Bitch Goddess by Robert Rodi This book chronicles the career of Hollywood B movie icon Viola Chute. She’s had a long and colorful career, involving not only some gloriously bad acting but numerous scandals. Now (1997) she’s decided that it’s time to write her memoirs. But when she fires her ghostwriter, he decides to probe deeper into her secrets to write an unauthorized tell-all biography. Intriguingly, this book is told only through interview transcripts, articles and emails – no two-sided conversations, no narrative text. It’s as enjoyable, and requires not quite so much suspension of disbelief, as one of those notorious B movies.
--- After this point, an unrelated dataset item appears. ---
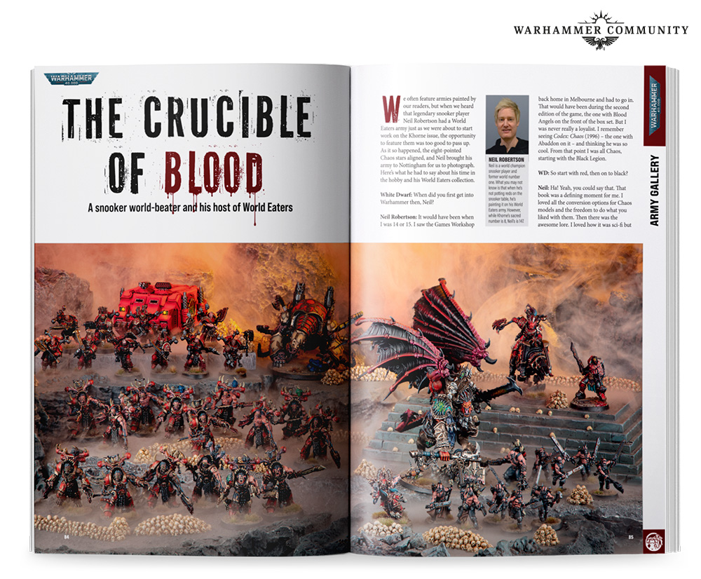 The White Dwarf team ransacks the vaults of the Grey Knights to dig up every scrap of intelligence they’ve gathered on Khorne and his followers — all marked out in their bloodiest red ink. Two stunning army displays await: one showcasing the Warhammer 40,000 World Eaters collection by legendary snooker player Neil Robertson, and the other featuring a Horus Heresy-era Khorne force assembled by the Warhammer Studio’s Luke.

For Matrimonial Purposes by Kavita Daswani Anju is dutiful Indian girl, on the Quest for the Perfect Indian Boy. She believes in arranged marriage, and that the boy intended for her has already been born – but how will she find him? Her search takes her from Bombay to New York and even Paris, as chick lit meets traditional Indian culture. One sad note: the best I can say about the audio version is that the narrator was really good at imitating a voice over the phone. Please, just read the book.

And one extra:
How to Get Your Child to Love Reading by Esme Raji Codell I talked about this book earlier on the board, and it’s even better now that I’ve finished it. More than just talking enthusiastically about books, “Madame Esme” gets down and dirty with hundreds of ways to have fun with kids, including the appropriate books. Yeah, they’ll probably gain some reading skills in the process – but the focus is on fun, and lots of it.